In an investor presentation, Surmodics Inc (NASDAQ:SRDX) said it submitted its amended SurVeil drug-coated balloon premarket approval (PMA) application in May – with no new testing required.
The presentation noted that the “ongoing interactive review of the amended application has progressed as expected with constructive alignment on all issues.”
In January, the FDA indicated that the application is not currently approvable while providing specific guidance on a path forward.
Needham upgraded the stock from Hold to Buy with a price target of $36.
Also Read: Abbott-Cardiovascular Systems Acquisition Could Further Add Uncertainty Over Surmodics’ Product: Analyst Downgrades Stock.
The analyst notes that several positive developments mean that SurVeil drug-coated balloon (DCB) will likely be approved by the FDA sooner than previously thought.

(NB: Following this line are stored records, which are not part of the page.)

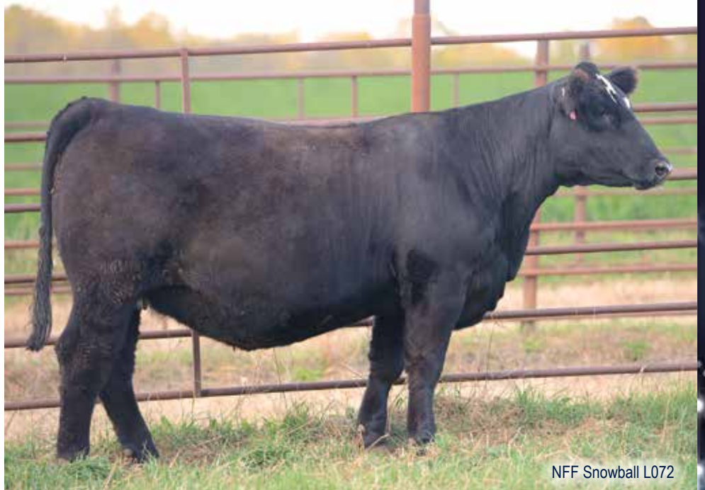
NFF Snowball L072
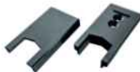
Inter Lock Cap 17mm
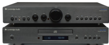
Perfect partners, the 350A and 350C...

The 350A offers a plethora of inputs and outputs to accommodate sources of all types. iPods and MP3 players get the VIP treatment and can be connected directly to the front panel via a dedicated 3.5mm jack. In addition, the supplied Navigator remote features iPod command codes enabling control of any iPod (except Shuffle) when connected to a suitable dock such as Cambridge Audio's new iD50.
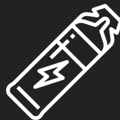
Gels & Shots
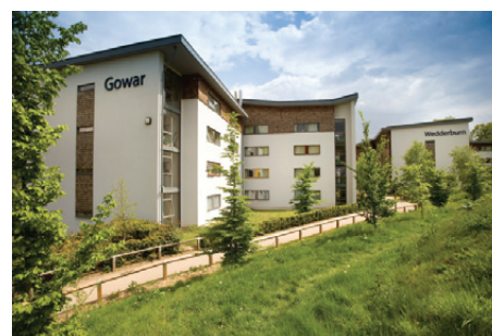
Map square C3

Follow the path to the right of the Hub until you reach Gowar and Wedderburn Halls. These halls, named after previous principals of the university, were built in 2005 and consist of flats for eight students, with en suite bedrooms.

The analyst notes that Surmodics was able to address the FDA’s concerns on prior biocompatibility studies and includes revisions to the proposed labeling.
Needham estimates the global DCB market will be ~$400 million in FY23E with ~10% annual growth, with Abbott Laboratories (NYSE:ABT) can generate $18 million of sales in FY24E, with $9 million of this going to SRDX.
SurVeil is expected to have strong growth for the next few years, but by the time it begins to slow, Sublime and Pounce should be more meaningful growth drivers.
SurVeil is expected to add an average of ~6% to SRDX’s revenue growth rate from FY24E through FY27E.
Price Action: SRDX shares are up 16.9% at $26.52 on the last check Tuesday.